Current EEG foundation models face challenges including scarce labeled data, inefficient spatiotemporal modeling, excessive parameter counts, and inconsistent benchmarking—hindering reproducibility and generalizability. To address these, we propose NeuroFormer, a lightweight EEG foundation model featuring a novel alternating attention mechanism that jointly captures intra-channel temporal dynamics and inter-channel spatial dependencies. We further introduce channel-wise patch-based tokenization to enhance computational efficiency and cross-task generalization. With parameter counts ranging from 3.6M to 85M, NeuroFormer achieves 2× faster inference and 6× lower memory consumption compared to prior models. It establishes new state-of-the-art (SOTA) performance on public benchmarks for emotion recognition and epilepsy detection, while also delivering strong results in abnormality classification and gait prediction. NeuroFormer thus provides an efficient, general-purpose, and reproducible paradigm for EEG representation learning.

Electroencephalograph (EEG) is a crucial tool for studying brain activity. Recently, self-supervised learning methods leveraging large unlabeled datasets have emerged as a potential solution to the scarcity of widely available annotated EEG data. However, current methods suffer from at least one of the following limitations: i) sub-optimal EEG signal modeling, ii) model sizes in the hundreds of millions of trainable parameters, and iii) reliance on private datasets and/or inconsistent public benchmarks, hindering reproducibility.
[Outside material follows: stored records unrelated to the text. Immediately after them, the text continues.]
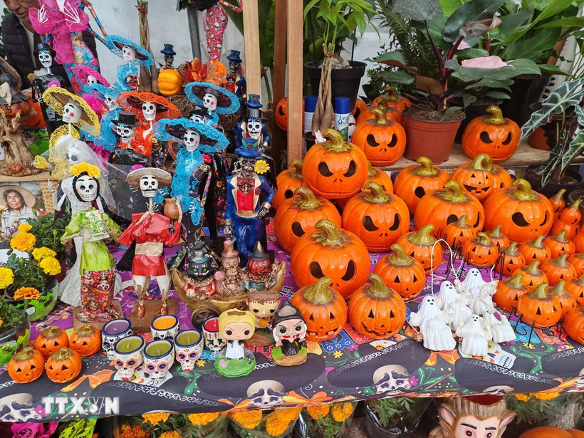 Các đồ trang trí được bày bán tại Hội chợ hoa Cempasúchil trước thềm lễ hội “Ngày người chết”. (Ảnh: Phương Lan/TTXVN)
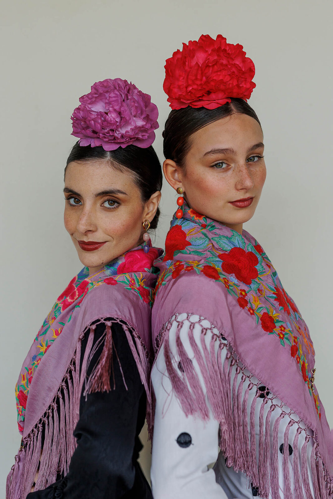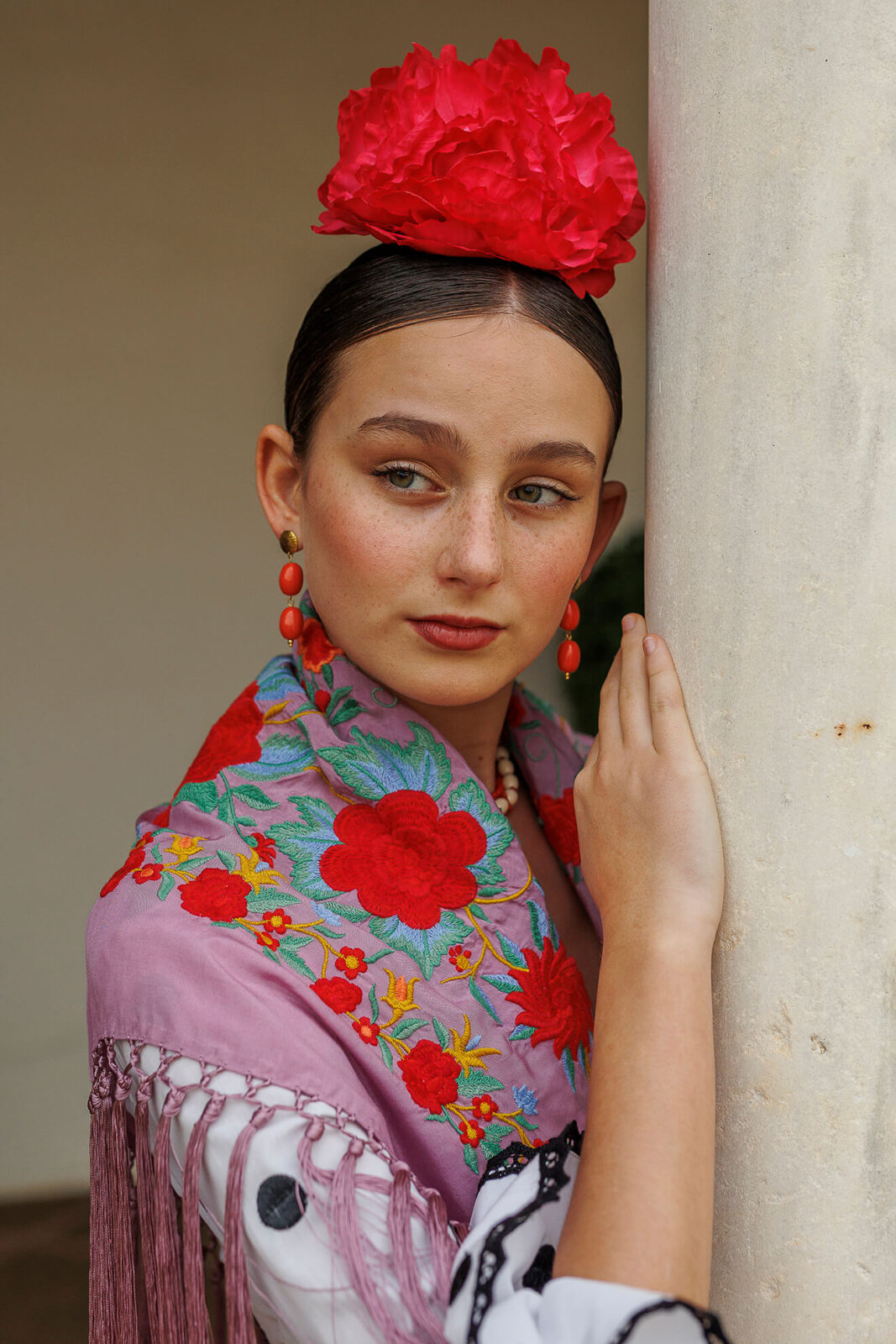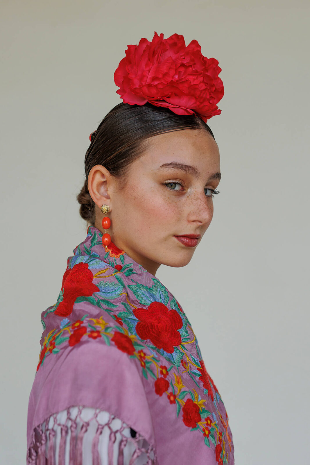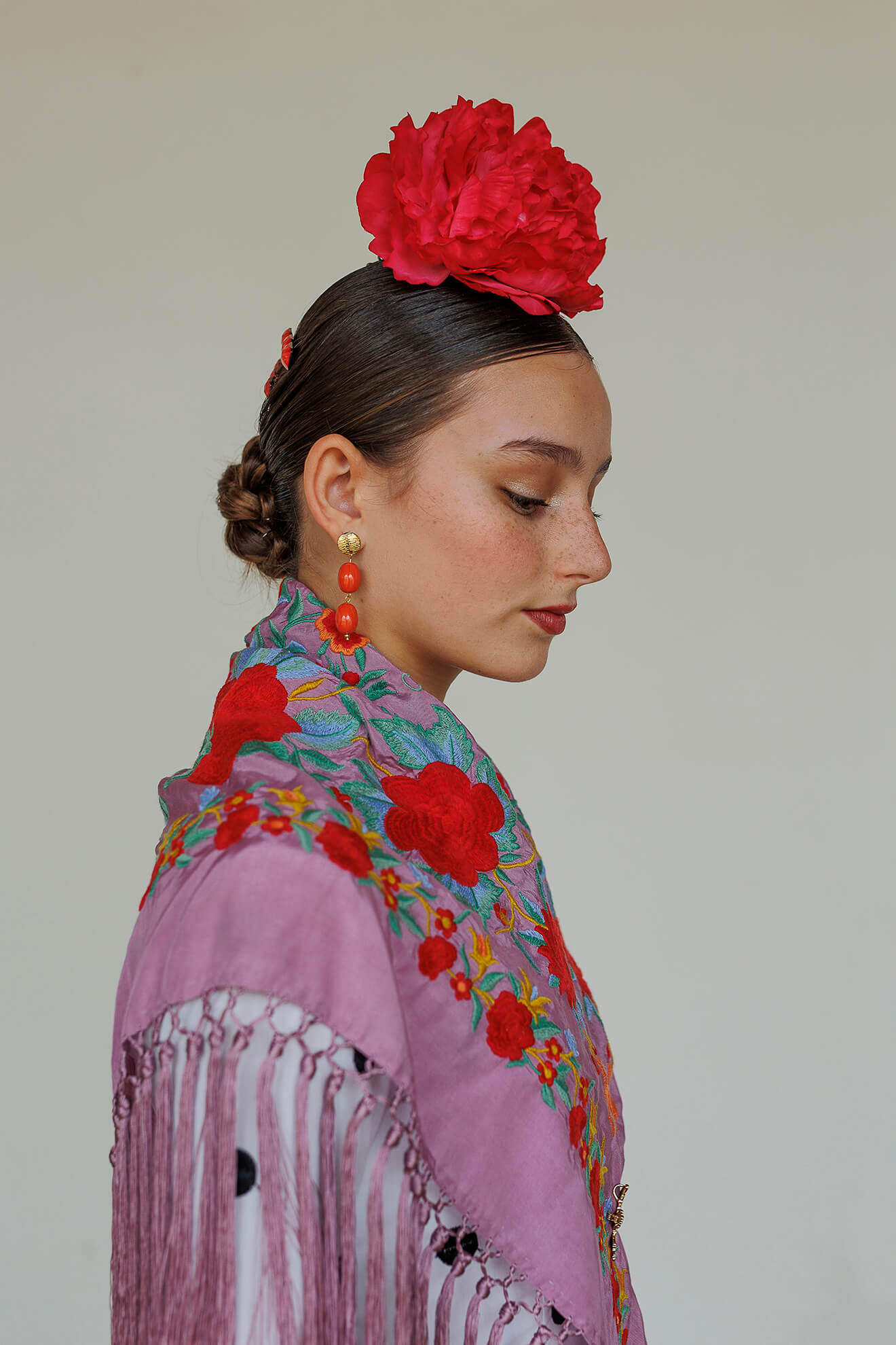 Look flamenca malva con rojo compuesto por mantoncillo bordado exclusivo Darwin, peonía coral y pendientes artesanales ligeros ideales para feria y romerías.
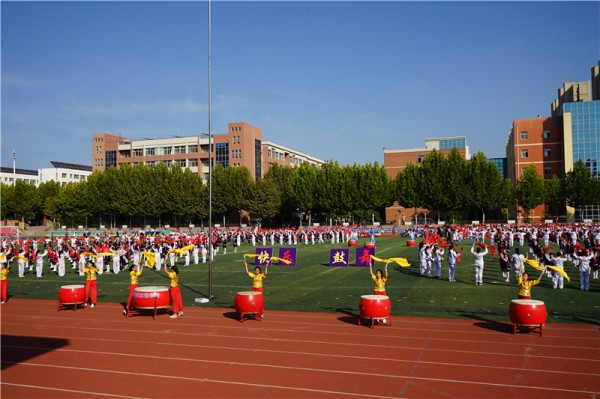 10月13日上午,烟台开发区第十六届运动会在高级中学体育场隆重举行。在开幕式上,700名爱华学子表演的大型团体操《快乐鼓舞》精彩亮相、震撼全场!
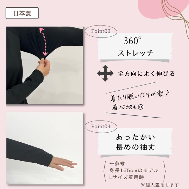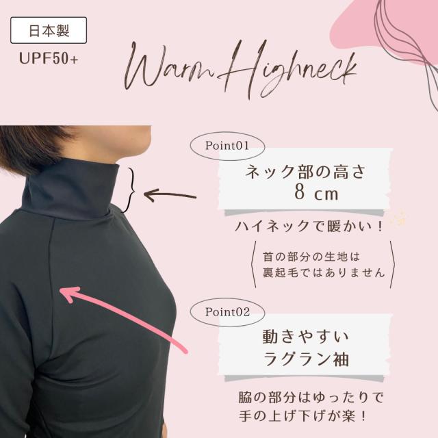 8cmハイネック 微細裏起毛 アンダーシャツ 長袖 防寒インナー 日焼け防止 テニス ゴルフ ストレッチ素材 ゴルフ テニス レディースウエア あったかウエア
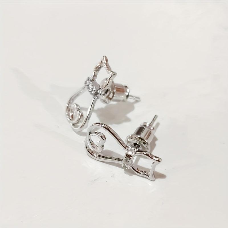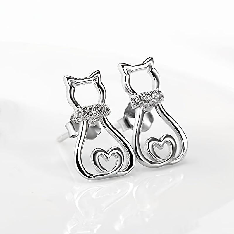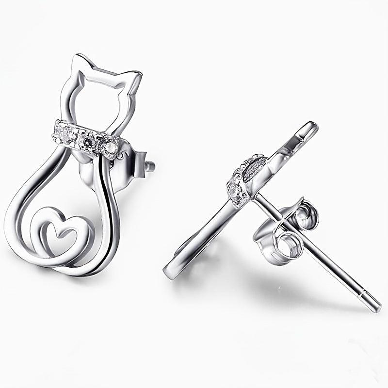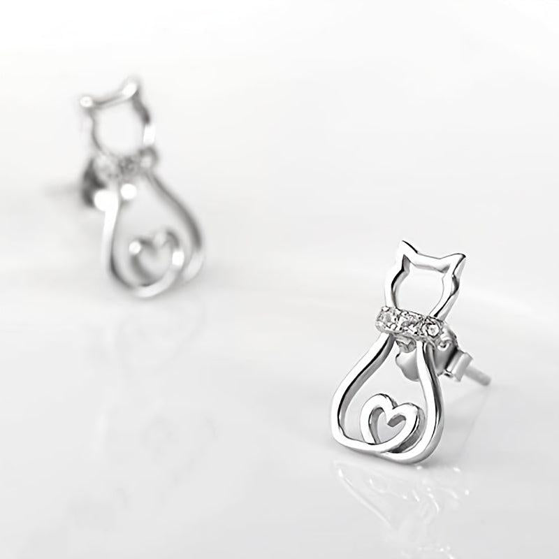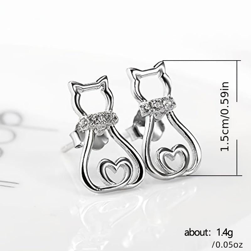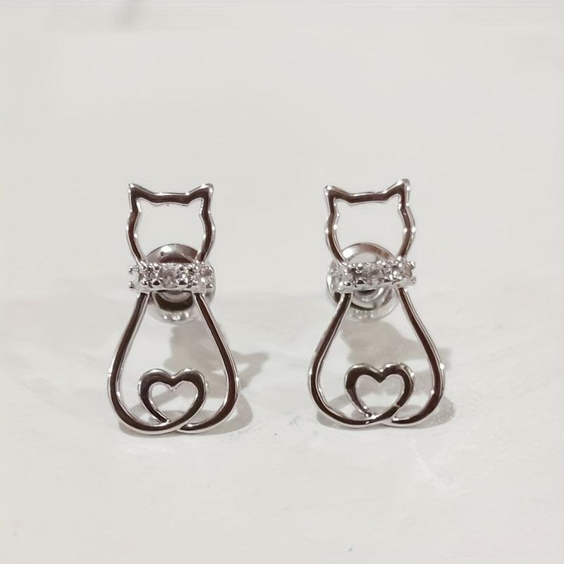 These stylish cat earrings feature a hollow out design with synthetic zirconia stones for a sweet and elegant look. Perfect for cat lovers!
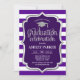 Graduation - Silver Purple White Stripes Invitation
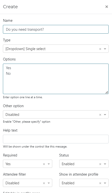 - Your newly created attribute will appear within the registration page for your attendee’s to respond to accordingly.
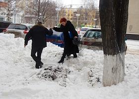 Виды города Кирова. Местные жители преодолевают сугробы на улицах города.
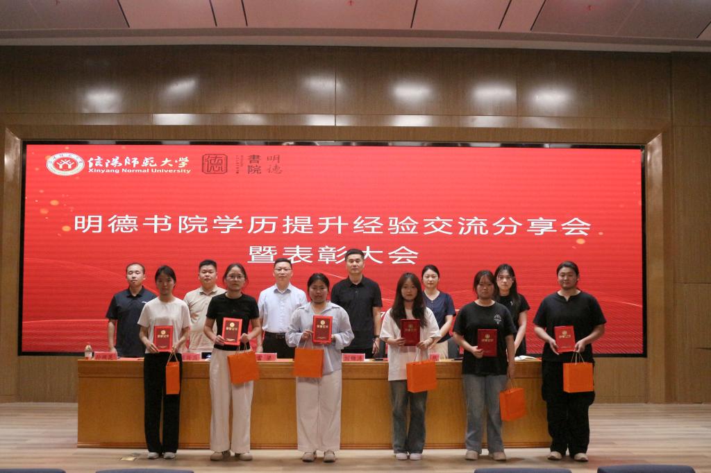 信阳师大新闻网讯 5月27日,明德书院在淮河校区图书馆报告厅举行学历提升经验交流分享会暨表彰大会。该院直属党支部书记雷梁,软件学院合作企业教学副院长顾兴兵,辅导员代表及2024级全体学生参会。会议由淮河校区管委会副主任、明德书院副院长刘锦涛主持。
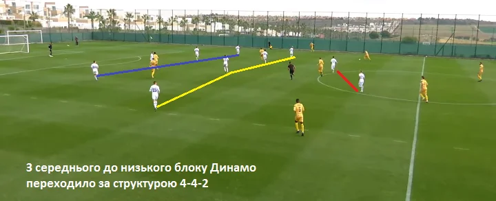 З середнього у низький блок Динамо переходило за структурою 4-4-2. Команда намагалася тримати максимальну вертикальну і горизонтальну компактність у блоці. Було помітно, що це вже не той Буде-Глімт, який восени возив не тільки команду Скрипника, а й Моурінью. Все ж таки потрібен час, щоб нові деталі притерлися до механізму Кнутсена. Та й не потрібно забувати, що це лише перший спаринг Буде на зборах.

To address these challenges, we introduce a Compact Encoder for Representations of Brain Oscillations using alternating attention (CEReBrO), a new small EEG foundation model. Our tokenization scheme represents EEG signals at a per-channel patch granularity. We propose an alternating attention mechanism that jointly models intra-channel temporal dynamics and inter-channel spatial correlations, achieving 2x speed improvement with 6x less memory required compared to standard self-attention. We present several model sizes ranging from 3.6 million to 85 million parameters. Pre-trained on over 20,000 hours of publicly available scalp EEG recordings with diverse channel configurations, our models set new benchmarks in emotion detection and seizure detection tasks, with competitive performance in anomaly classification and gait prediction. This validates our models' effectiveness and effictiveness.